In a recent game Peterman moved Koehler from center-mid to sweeper, the last defender in front of the goalkeeper and he was not surprised at her strong game.

“We're still early in the year, but her season is going very well,” Peterman noted. “She is one of our leaders and one of our three co-captains (Devan Peterman and Hunter Watkins are California's other captains), which says much about her ability and desire. She is smart, committed and she makes no mistakes. On the field she is outspoken and challenges other players to work and play harder. Danielle has natural instinct on the field, doing things coaches cannot teach. She can see plays develop and plays ahead of the action. She kicks with either foot and she kicks far and accurately.”

Still, Koehler chuckled when recalling her first high school goal last year, against Beth-Center from her center-mid position.

“I play mostly midfield in soccer but I would like the opportunity to score some goals. Center-mid is an offensive and defensive position, and I have been playing defense longer and I am more defensive-minded than offensive-minded.
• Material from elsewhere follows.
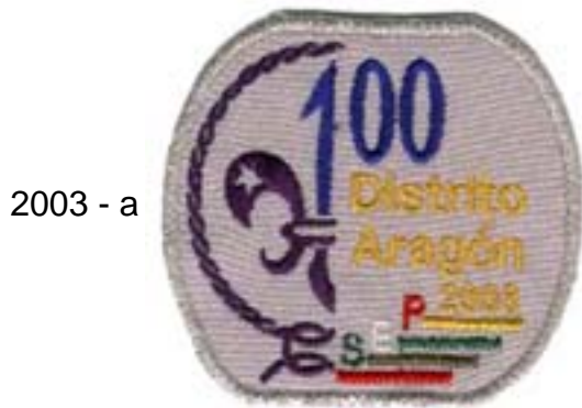
2003 - a

Por favor envía un correo electrónico con sus datos y anota la clave. salpadilla@hotmail.com

When I scored the goal I just happened to be in the right position on our offensive end of the field.”

Playing four varsity sports, Koehler, who maintains a 3.6 grade point average and laughingly admits to getting “a little tired sometime,” knows how to direct the credit.

“At California we only have about 300 students in the school so there are more student/athletes playing two or more sports, sometime in the same season,” she said. “But we are fortunate in that our coaches are lenient regarding practice and/or game times. Coaches and teams have to share student/athletes to keep the programs growing and intact.”

After soccer and tennis in the fall, Koehler turns to basketball, where she plays guard for the Lady Trojans. Again, she'll find time to share her talents between basketball and the school musical. As a freshman she was a dancer and member of the chorus in the school's presentation of “The Music Man,” but did not participate last year.

“Not being involved with the musical last year I found that I missed the opportunity and interaction with everyone,” she said. “Musicals present a different challenge compared to sports, and I plan to become involved this year again.”

In her first season in tennis, as a sophomore last year, Koehler's friends on the team were the motivation for her to play.

“I thought it might be fun and definitely it was,” she said. As a sophomore she was a member of the Trojans No. 2 doubles team, which advanced to the second round at the section doubles tournament. This year finds her playing No. 3 singles, which she prefers.

“I like singles better,” she laughed. “My doubles partner and I did well last year, but I like to control everything on the court.”

Come springtime her six-hours classroom time will extend to the track where Koehler competes in the 300-meter hurdles, long jump, and 200 meters.

With designs on playing soccer in college and perhaps possibly coaching soccer, Koehler has expressed an interest in the University of Northern Florida to study marine biology.

Les Harvath is a contributing writer for Trib Total Media.